A final Request for Proposals for FLRAA production is expected in the coming months, with a contract award to either the Sikorsky-Boeing team or Bell slated for fiscal year 2022. 

“We believe that this aircraft is survivable, maneuverable and the right choice for the Army mission. We’re very excited about where the design is right now. We feel it’s been optimized based on the aircraft as well as what the Army is asking for. Sikorsky and Boeing have brought together a tremendous team that is dedicated to producing this aircraft on-time and on-cost,” Jay Macklin, Sikorsky’s business development director for Future Vertical Lift, told reporters.

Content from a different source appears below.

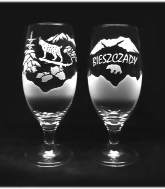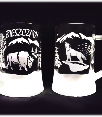 Kufel do piwa ”Miodzio” o litrażu 0,5 litra. Na kuflu są wyżłobione charakterystyczne dla ”miodzia” płaty w szkle. Na środku kufla widzimy metalowy, ogromny odlew wypukły (2D) – wilk. Klasyczny, wygodny kufel, który sprawdzi się u każdego. Idealna pamiątka z Bieszczad.

Macklin noted he couldn’t offer certain details on the changes made for Defiant X while the competition is ongoing, but said the updates also include a new tricycle design landing gear to improve stability and changes to the exhaust system to further reduce thermal signature.

Defiant X also has an integrated mission systems package built on a modular open systems architecture to enable Joint All-Domain Operations, allowing for growth capability to accept future upgrades as FLRAA is asked to handle changing missions.

“We’ve really designed for growth, so that out in the 2030s as missions change and as threats change there’s that growth capability,” McBryan said. 

To date, the current SB>1 Defiant now has 26 total flight hours across 31 flights, over 135 hours of rigorous component testing on its Propulsion Systems Test Bed at the company’s West Palm Beach, Florida, facility and 1,500 hours of data gathered from its Systems Integration Lab.

The Sikorsky-Boeing team announced SB>1 Defiant reached a speed of 232 knots in descent and 211 while flying level during an October test flight, achieved using two-thirds of the aircraft’s prop torque and engine power (Defense Daily, Oct. 14). 

As of December, Bell has logged 200 flight hours with its V-280 Valor and has flown at speeds above 280 knots (Defense Daily, Dec. 17).